Envy bubbles inside me as I witness Eddie consoling Poppy again. I’m half hoping he won’t succeed.
What kind of a mother am I?
I’ve been telling everyone to let me go.
Where will I go?
I can’t drive, no one can see me. There are no other lost souls wondering about telling me to join the dead community!
I won’t give up on my daughter. She needs me. I have to be here.
The stroke of our clock announces its time; a primitive realisation slithers down my very core. Nausea spirals up into my throat. I run into our bathroom, heave over the toilet, nothing comes out. I catch sight of my reflection in the mirror; I see vicious V-shaped welts where the noose of the rope has cut into my neck. This is what Eddie came home to.
The cloying black dog of depression haunted me. Its delivered dose of pain was exquisite- nothing took it away. Not drinking, overdosing, drugging myself, talking-nothing. Eventually, I told it to sit down. I told Eddie repeatedly,
– I just want to disappear.
– How can I help you? His eyes pleaded for an answer. I would always lash out,
-Unless you help me disappear, you can’t!

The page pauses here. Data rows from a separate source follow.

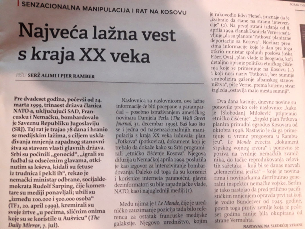 Прије 20 година, почевши од 24. марта 1999. године, 13 држава чланица НАТО-а, бомбардовало је СРЈ. Тај рат је трајао 78 дана и хранио се медијским лажима, у којима је, на жалост, учествовао и наш лист. Главни дезинформатори су биле западњачке владе, НАТО, као и најугледнији медији.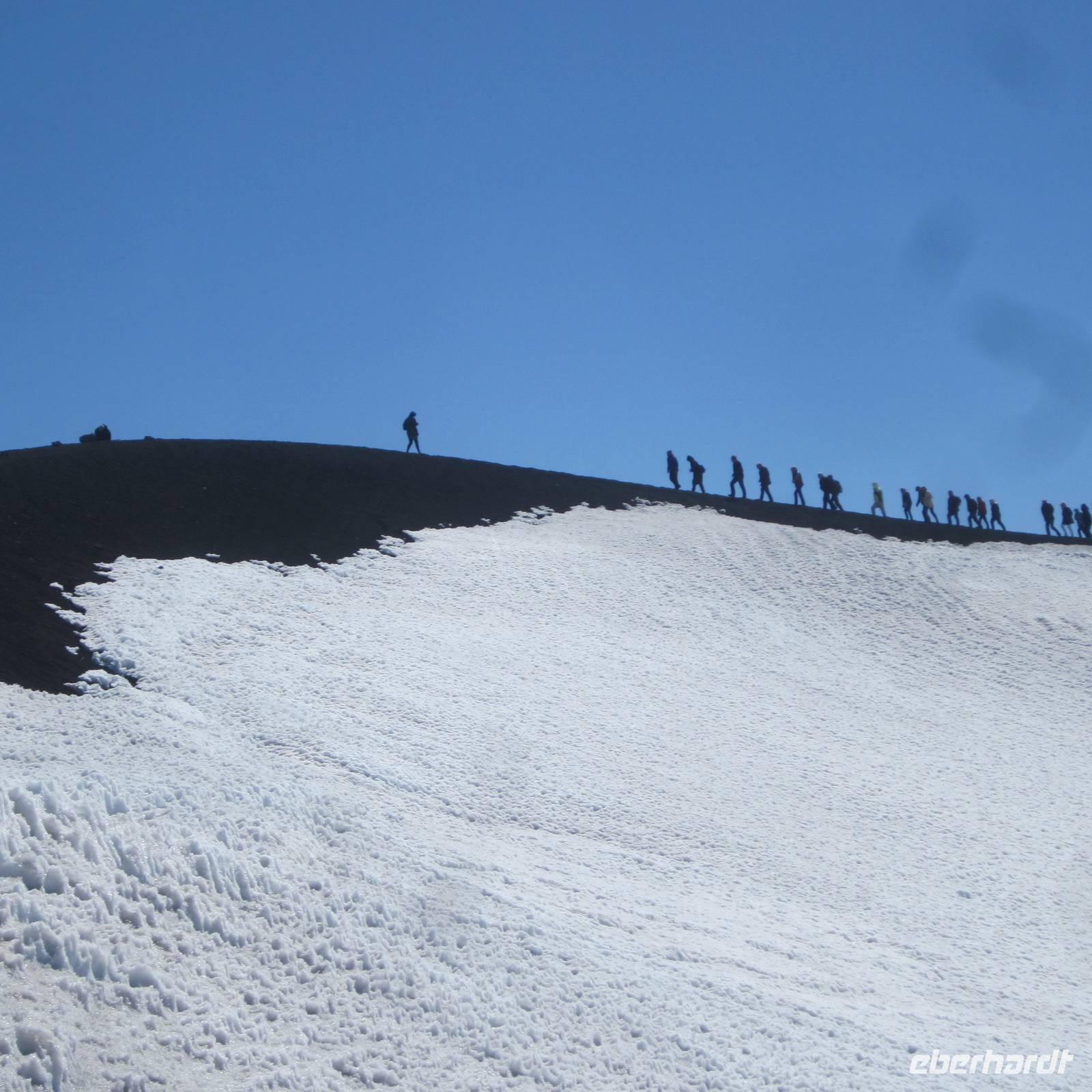 Viel Schlaf bleibt uns nicht, gegen 2.00 Uhr werden wir nach Berlin zum Flughafen Tegel gebracht. Hier trifft sich der Großteil unserer Gruppe. Weitere Gäste fliegen vom Flughafen Frankfurt/Main und München. Mit der AIR Berlin und einer Boeing 737-800 heben wir 08.00 Uhr ab. Wir haben eine gute Sicht und können die Flugroute bei einer Höhe von rund 12000 Metern gut beobachten. Wir fliegen über Dresden, Prag, Kroatien nach Italien. Split ist ganz deutlich zu erkennen und viele kroatische Inseln. Nach dem Wir den Stiefel überquert haben und den Sinkflug nach Catania eingeleitet haben, ist es eine Freude den Ätna in Schnee gehüllt zu sehen. In Catania erwartet uns bereits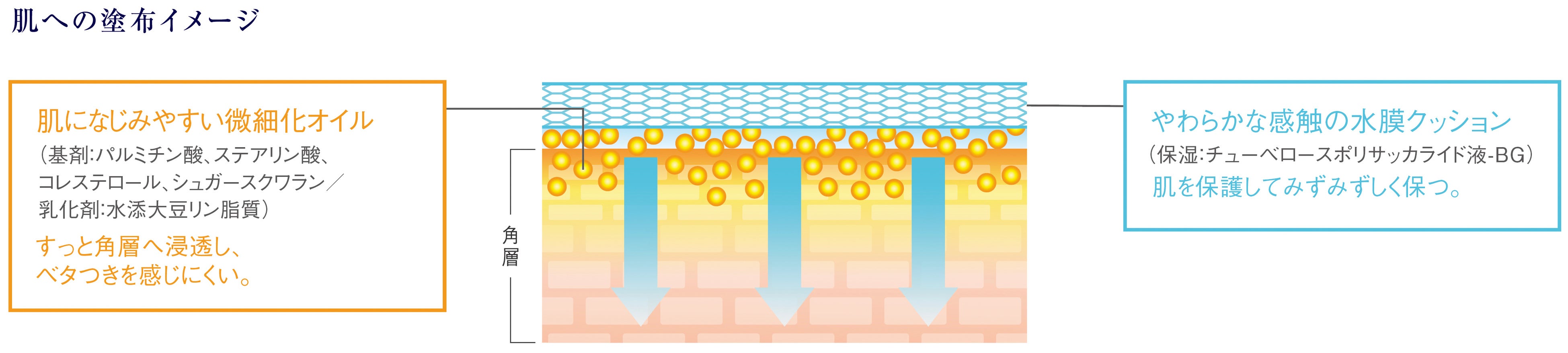 オイルを微細化して配合することで角層へ浸透し、べたつき感なく肌になじみます。また、水膜クッションが塗付時の摩擦を軽減し、肌あたりやわらかく、肌表面を保護してみずみずしく保ちます。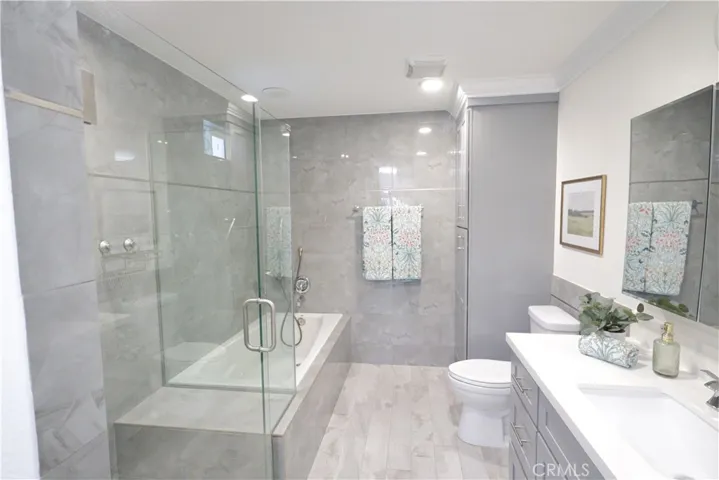 Fully Remodeled. Open Concept Kitchen. Luxurious Tiled Fully Remodeled Bathrooms. Primary Suite has Redesigned Oversized Step in Shower Plus Separate Soaking Bathtub. Central Air Conditioning, 1,199 Sq. Ft. ,2 Bedrooms 1.75 Baths , Smooth Ceilings, Newer Recessed LED Lighting, New Low Pile Carpet in the Bedrooms, New Paint, High Quality Wood Flooring in the Entry, Dining and Living Room Areas. Double Pane Windows and Sliding Doors, Move -In Ready. ( Some Furniture Can Remain ) Garden Villa Type Floorplan – Model Name is Villa Capri 2. Easy Access to the World Class Golf Course and Very Close to Clubhouse 4 ( Pool Hot Tub and all the Arts & Crafts- Wood Shop , Jewelry Making, Art and Ceramics ( Both Slip Casting and Wheel ) Studios, Sewing and Quilting Rooms , Photography Studio & Lapidary ( Stone Cutting ,Tumbling, & Glass Polishing ). 7 Clubhouses, 5 Swimming Pools, Pickle Ball, Tennis, Bocce, Ping Pong, 2 Computer centers ( PC and MAC )Free Local Bus Transportation, Welcome To Laguna Woods Village less than 8 miles to the Beautiful Blue Pacific Ocean in Laguna Beach.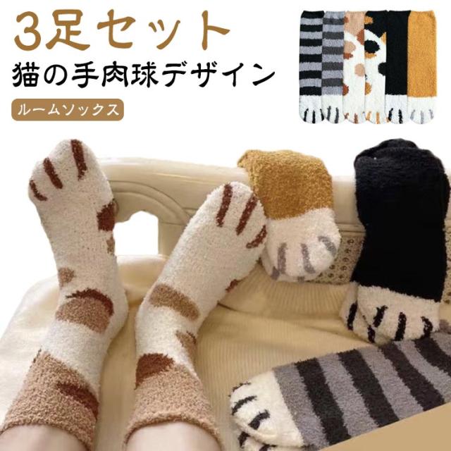 レディース 秋 冬 3足セット 猫の手肉球デザイン もこもこ 3足セット 厚手 ふわふわ 冷え対策 春 あったか ルームソックス 暖かい フリースボア靴下 防寒 男女兼用 中学生 マシュマロ靴下 おしゃれ クルー丈ルームソックス

I remained imprisoned in our bed and he would go back to work and look after Poppy and the house. He could walk away from me. I couldn’t. I resent him for that. I can see myself now, googling the various ways people commit suicide. One article struck my eye ‘Men are more successful at committing suicide’.
-They don’t mess about with poisoning themselves –they resort to more violent means.
That is the moment I reached out to the wrong Alpha.
The black dog and I began sleeping together. It became my obsession. Up-close, I could analyse it, experiment with it. As a couple, it didn’t take much to find that Alpha rage. One phone call from Ma,
-Just snap out of it. If you’re going to do it, get on with it.
-Fine, I will! I hung up on her before she could hang up on me.
My impulsiveness finds me trapped within this mirror. It’s cold. Everything I read is back to front. Everything I do is back to front. It doesn’t reflect my true intentions. When I reach out, in fact, the more I reach out the more pain I inflict. I back away from the mirror until I’m pressed up, with my back against the bathroom wall.
What have I done?
What right do I have trying to tell my family how to deal with their loss?
Eddie will never know that I was messing about; I didn’t know if I could actually go through with it. From a great height in a corner of the bathroom my body feels cut loose from itself. I can see it happen in front of my eyes. Like a rerun episode, I can’t pause. The noose around my neck, in the shower. Steam shrouds the mirror, with slippery feet, I accidently knock myself off that chair and in that moment I realise,
– I don’t want to die.
I can’t scream and tell anyone. I made the decision when I decided to sleep with my enemy. I’ve interrupted the natural course of life. A lost soul in life: a lost soul in death. There are no bright lights to come with this epiphany. I exit the bathroom, stumble down the staircase, out the front door, and walk aimlessly down the street. I sense a familiar pair of eyes examining me; I look up and see the black dog in its true form. It waits for me to catch up. We walk side by side. I don’t look back. I am the one preventing people from moving on. I have to let go.